ギフトゲーム、開幕。
刹那サイド
今、僕の目の前でアルゴールの魔王が絶叫している。それを見て、くろ姉とジン兄が苦悶の表情を浮かべ、いざ兄は少し悲しそうな表情でアルゴールの魔王を見ていた。
「さあ、アルゴール!あのチビを潰せ!」
「G、GYAAAAAAAAaaaaaaaaaa!」
ルイオスの言葉を引き金に、アルゴールの魔王はその巨体で僕に突っ込んで来た。僕はその場から動かず、手を翳す。
「《クエアボルツ・グラビレイ》」
「GYAAAAAAAAAAAAAAAAAAAAAAAaaaaaaa!?」
「な、何!?」
僕が魔法を発動すると、アルゴールのm・・・長いからアルゴールで良いや。アルゴールの周りに巨大な重力の壁が出現し、アルゴールの動きを止める。アルゴールはギギギ、と反抗しているが、指一本動かせない。その光景に、上空から見ていたルイオスも驚いていた。
「セイッ!」
「GAGYAAAaaa!」
魔法を解除し、再び顎を上空に蹴り上げる。ロケットの様にアルゴールは飛んで行き、
「ヒッ!こ、こっち来るnげぼらっ!?」
「ナイスショット!」
ルイオスに当たり、二人揃って目の前に落ちる。
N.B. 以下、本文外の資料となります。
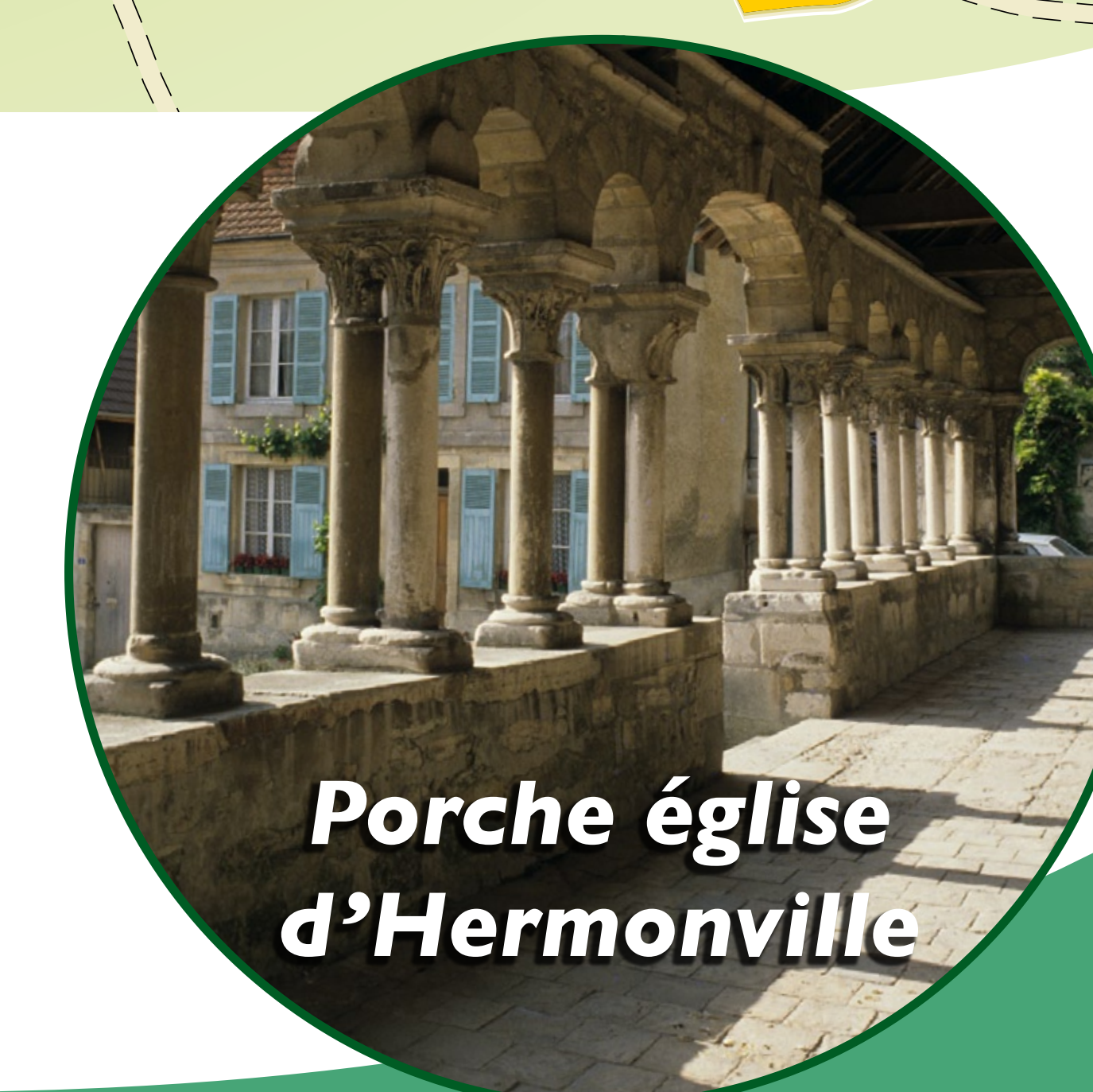
Porche église d'Hermonville

→ Point de vue sur la vallée de la Vesle et Reims
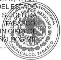
OVIDIO SALVADOR PERALTA SUAREZ PRESIDENTE MUNICIPAL

EN CUMPLIMIENTO A LO DISPUESTO POR LOS ARTICULOS 29 FRACCION III, 47, 51, 52, 53, 54 y 65 FRACCION II, DE LA LEY ORGANICA DE LOS MUNICIPIOS DEL ESTADO DE TABASCO, SE PROMULGAN LA PRESENTE FE DE ERRATAS , PARA SU DEBIDA PUBLICACION Y OBSERVANCIA, EN LA CIUDAD DE COMALCALCO, TABASCO, RESIDENCIA OFICIAL DEL AYUNTAMIENTO CONSTITUCIONAL DEL MUNICIPIO DE COMALCALCO, TABASCO, A LOS 29 DIAS DEL MES DE AGOSTO DEL AÑO DOS MIL VEINTICINCO. -----
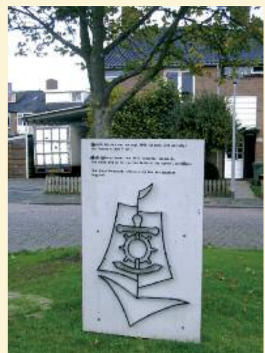
Plaquette op plein van voormalig internaat Onze Vloot.
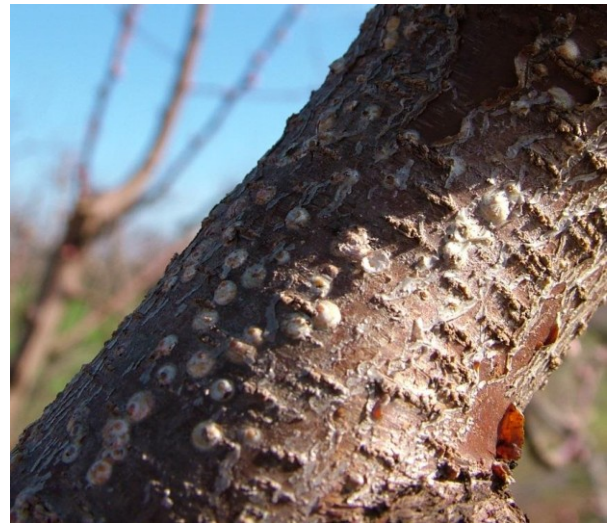
Παρουσία ασπιδίων βαμβακάδας στο 25%
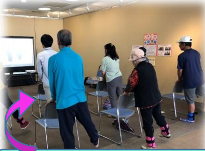
いきいき百歳体操 体験コーナー

今後も、多くの方に包括支援センターの役割等を知ってもらえるよう、様々な場所で周知活動に努めていきたいと思っております。是非みなさんの集まる場所などに呼んでくださいね～☆
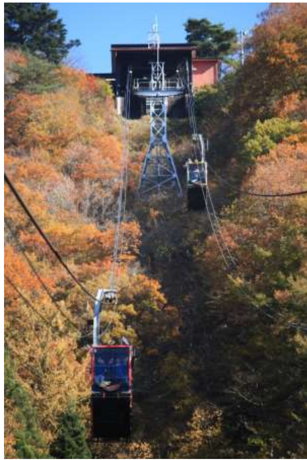
富士山河口湖登山纜車(一)
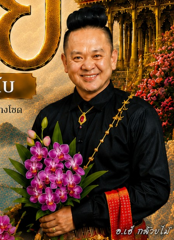
อ.เอ๋ ท้าววยไม้

เสริมโชคลาภ การงาน การค้า เปิดทางรวย เงินทองไหลมา
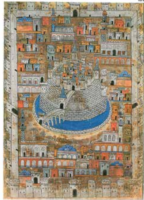
Resim 1. Matrakçı Nasuh, Beyan-ı Menazil- Sefer-i Irakeyn , "105. Varak b Yüzü Kağıt üzerine fırça çalışması" (16.yy. İstanbul Üniversitesi Kütüphanesi, İstanbul, Atasoy, 2015)

Çağdaş planlama çalışmalarının bir kısmında, günümüzde dahi bulunmayan bu sistematik açık fonksiyon şemalı plan tasvirleri bize sanatçının, yapıları salt görsel hacimler olarak algılamasından çok daha derin bir mimari bilgi donanımına sahip olduğunu da göstermektedir. Kentlerin konum planları, birbirleri ile ilişkileri, bağlantı kapıları, köprü ve yol gibi ulaşım bağlantıları minyatürlerinde görsel destekler ile güçlendirilerek görüntülenmiştir.
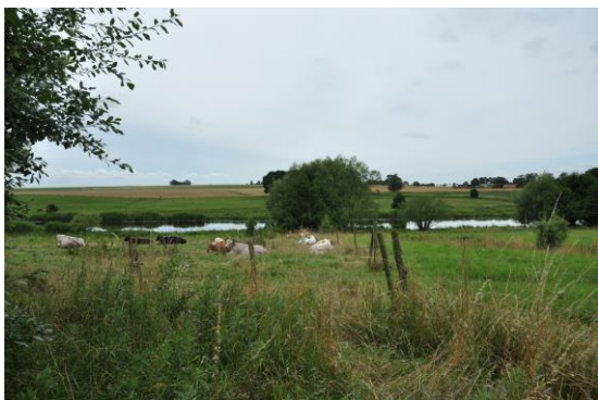
Kävlingeån vid Rinnebäcksvad

Vid stridens början låg de båda arméerna på var sin sida om Kävlingeån norr om Lund. Eftersom den svenska armén var i dåligt skick beslöt man att satsa allt på ett anfall.
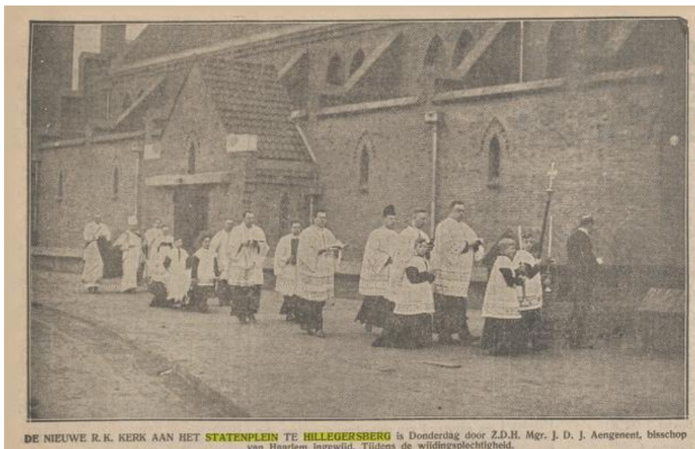
Figuur 6 Uit 'De Tilburgsche courant' van 13 december 1930

Om hier gelukkig te kunnen zijn wordt een heel systeem opgebouwd rondom het sociale leven van de mensen. Volwassenen hebben zitting in een bestuur, zijn deel van Vincentius, dat 'nooddriftige gezinnen bijstaat', zitten in het zangkoor, regelen de bibliotheek en het 'Zilvervloot sparen'. Jongeren zijn lid van 'de Katholieke Kring', scouting, een muziekbond, een koor of andere Rooms-Katholieke verenigingen. De kinderen bezoeken de Rooms-Katholieke jongens- of meisjesschool aan de Johan de Wittlaan en doen onder andere hun Eerste communie en Plechtige communie. Aan de Statenlaan is het jongenshuis Don Bosco gevestigd, waar Rooms-Katholieke jongens worden opgevoed door broeders. Het gebouw van de Christus Koningkerk en de parochie is het centrale punt in veel levens van parochianen op belangrijke momenten in het leven: er wordt gedoopt, getrouwd, begraven, gevierd en herdacht.
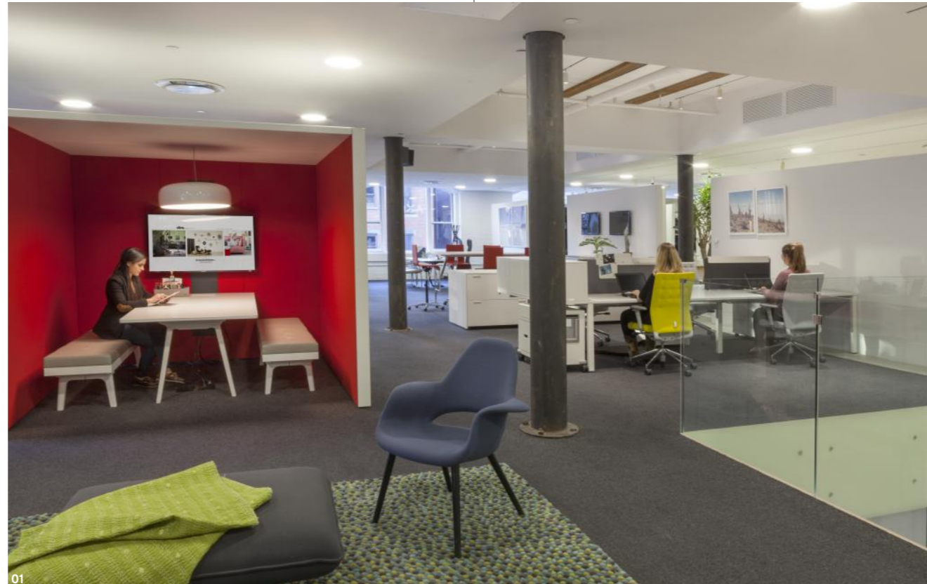
01 Beschreibung Beschreibung
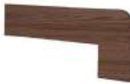
ZANQUÍN RECTO DCHA/IZDA 42,3 x 17,5 cm - 16.7"x 7.0"

僕はその間に後ろのいざ兄とくろ姉に話し掛ける。
「いざ兄!くろ姉!」
「「なんでございましょうか!刹那様!」」
「なぜ敬語?・・・ちょっと力入れるからジン兄連れて下がってて!具体的にはもっと端っこ!」
「「サーイエッサー!」」
何故二人は震えながら離れるんだろう?別にアルゴールとかルイオスとか怖くないのに・・・。
「お、お前ええええ!」
「フンッ!」
「ファッ!?」
ルイオスが放った炎の弓を裏拳で弾き返す。弾き返された矢はルイオスの弓に当たり、破壊される。これで本気を出さざるを得なくなった。
「さて、どうしてくれようか・・・」
「チッ!調子に・・・乗るな!」
叫びながらルイオスはギフトカードから一本の鎌を取り出した。それを僕に振り下ろして来るのを避ける。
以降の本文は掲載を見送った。